It was the right place, wrong time for referee Kendrick Nicholson on Tuesday night in Buffalo. On the scoresheet, Ryan O’Reilly’s goal for the Sabres was unassisted, but it wouldn’t have been possible without a key deflection from the official.
Toronto Maple Leafs defenseman Ron Hainsey looked to move the puck from behind his own goal line. Rather than clear the puck around the dasher, Hainsey appeared to go for a bank shot off the far boards.
In attempting to get out of the way, Nicholson found himself in the direct line of fire.

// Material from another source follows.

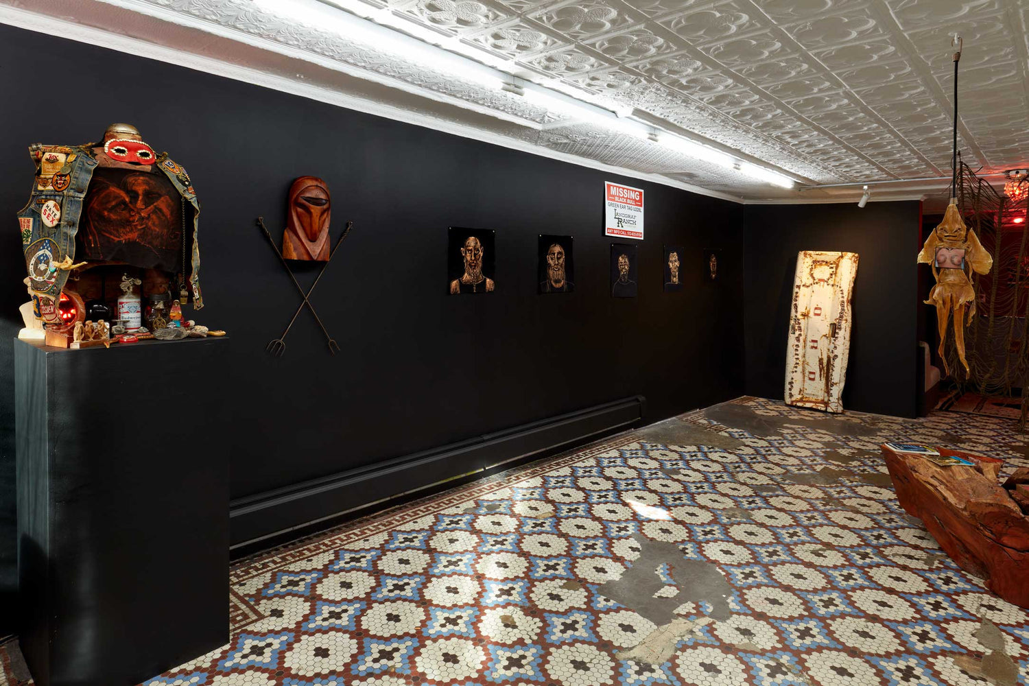 sculptures masquerading as tiny altars, burnt figure paintings on linen made with

The puck caught him in the leg and deflected into the faceoff circle.
O’Reilly gathered in the puck, catching the Leafs off guard, and fired the puck past goaltender Frederik Andersen.
Rule 85 reminds us that officials are in play, for the most part.
Play shall not be stopped if the puck touches an official anywhere on the rink, regardless of whether a team is shorthanded or not.
If a goal is scored as a result of being deflected directly into the net off an official, the goal shall not be allowed.
“The puck went in our net,” said Maple Leafs head coach Mike Babcock. “I thought, to tell you truth, I don’t know what we were down to start, but it looked to me like we had the puck and we were controlling the play. When they fired it on the net, it hit something and it went in our net. We couldn’t keep it out of our net. In the end, we end up chasing the game. They played hard and we didn’t get enough done.”
It was an unfortunate bounce for the Leafs and an uncredited assist for the referee.
Nicholson’s lucky, though, at least the puck didn’t catch him in the face.